Il y a un truc très beau dans la tradition caraïbe, c’est le personnage du « soukougnan » : un être qui pénètre la nuit dans les lits des femmes seules et qui leur fait l’amour alors qu’elles dorment. Mais le matin, elles savent qu’il est passé, parce qu’elles ont des marques. Pour en revenir à La Belle et la Bête, on vient de découvrir les peintures de la grotte Chauvet. On a isolé un bloc de dessins de femmes, où ne sont représentés que le bas-ventre et le haut des cuisses, le reste du corps étant un taureau. Et c’est reproduit plusieurs fois. Ce n’est donc pas juste l’imaginaire d’une personne, ça a une signification. On a aussi vu le Minotaure de Picasso. Quelle que soit la façon dont on traite ce mythe de la Belle et la Bête, on voit bien que ça existe depuis très longtemps.
Quel rapport entretenez-vous avec le cinéma gore ?
Moi, j’ai très peur au cinéma. Et j’aime bien avoir peur, j’aime beaucoup les films gore, les films fantastiques. Mais j’ai tendance à penser qu’il y a quelque chose de faux dans le genre cannibale. Soit c’est le radeau de La Méduse et on mange pour ne pas mourir, ce qui est quand même rare, soit le cannibalisme est rituel. Après… c’est de l’ordre des contes de Perrault, des peintures de Goya : quelque chose qui est fondamentalement le désir d’assouvir un appétit sexuel, plutôt que l’envie de manger de la chair humaine.
Concrètement, qu’a apporté Béatrice Dalle au film ?
Béatrice, plus encore que Vincent, a emmené le film très loin. Je crois qu’elle a pris un risque énorme. Nous qui assistions à ça savions que nous étions au-delà du trivial. On est sur une ligne, une frontière limite, où Béatrice se met à osciller sur elle, comme un enfant autiste, ou une panthère… Dans les scènes où elle miaule, ce n’est pas moi qui lui ai indiqué ça : cette métamorphose d’une femme en une féline est la création de Béatrice, je n’ai fait qu’accompagner cette transformation. Et il n’y avait aucun doute qu’on assistait à quelque chose de très beau, de très poétique, quelque chose qui appartenait au cinéma et pas au Grand-Guignol.

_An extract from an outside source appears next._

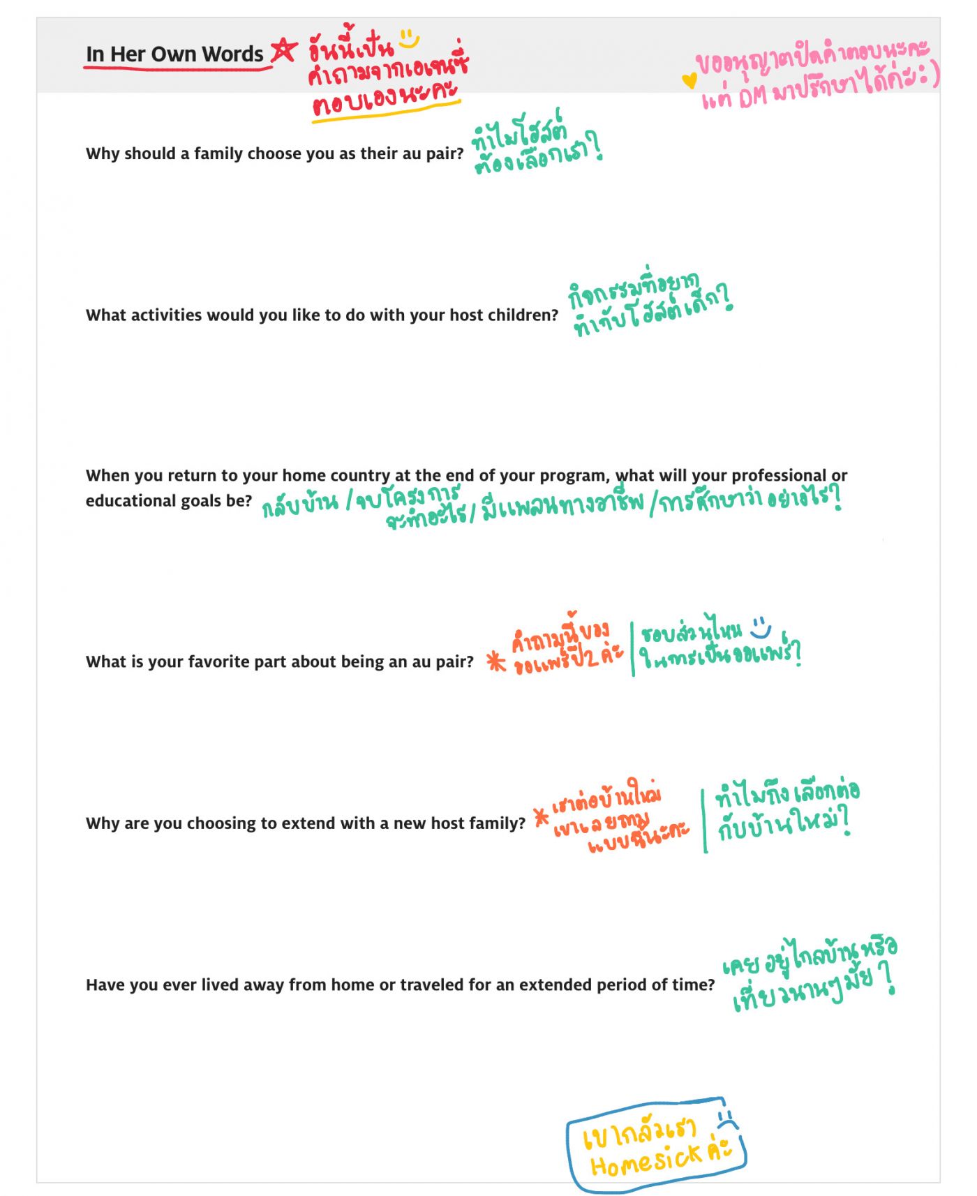 ส่วนคำถามเกี่ยวกับออแพร์ที่ต้องตอบก็มีตามด้านล่างนี้เลยค่ะ การตอบคำถามเป็นส่วนที่สำคัญมากๆ โฮสต์จะรู้จักตัวตน รวมถึงข้อมูลของเราจากตรงนี้เลยค่ะ ว่าเรามีอุปนิสัยอย่างไร ต้องการงานแบบไหน จบออแพร์แล้วจะทำอะไรต่อ ฉะนั้นต้องคิดคำตอบกันดีๆนะคะ

Trouble Every Day est aussi un grand film d’amour et de sentiments, que ce soit entre les personnages dans le film, ou entre vous et eux.
Vincent se retient de coucher avec sa femme pour ne pas l’attaquer. Il préfère attaquer la femme de chambre à la place. C’est cruel pour elle, mais dans les contes, c’est souvent la petite bergère qui est la victime, plutôt que la princesse. Mais j’espère que les sentiments passent. C’est facile d’aimer ces acteurs-là, mais c’est parfois difficile de se dire que tu vas faire telle scène et que ça restera un film d’amour.

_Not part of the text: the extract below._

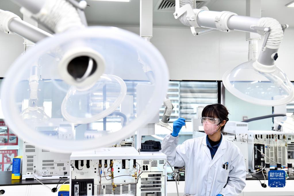 2月21日,在山東安舜制藥有限公司,工作人員做哌拉西林檢測試驗。
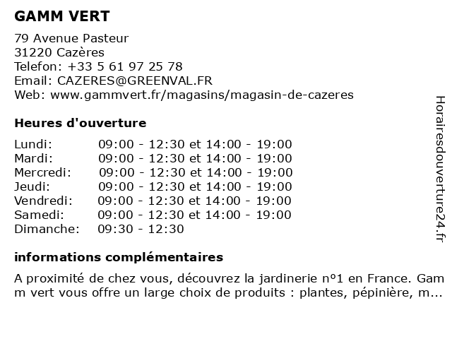 | Samedi | 09:00-12:30 et 14:00-19:00 |

Avez-vous éprouvé de gros doutes ?
Bizarrement, j’ai remarqué que quand le contexte économique d’un film est difficile, le film devient plus simple à faire. A un moment, il faut cristalliser le doute. Si on a le bol de le cristalliser sur des éléments extérieurs, c’est mieux pour le film. Sans doute parce qu’une dose maximale de crainte est pompée par les difficultés matérielles, il en reste beaucoup moins dans la poche à angoisse artistique.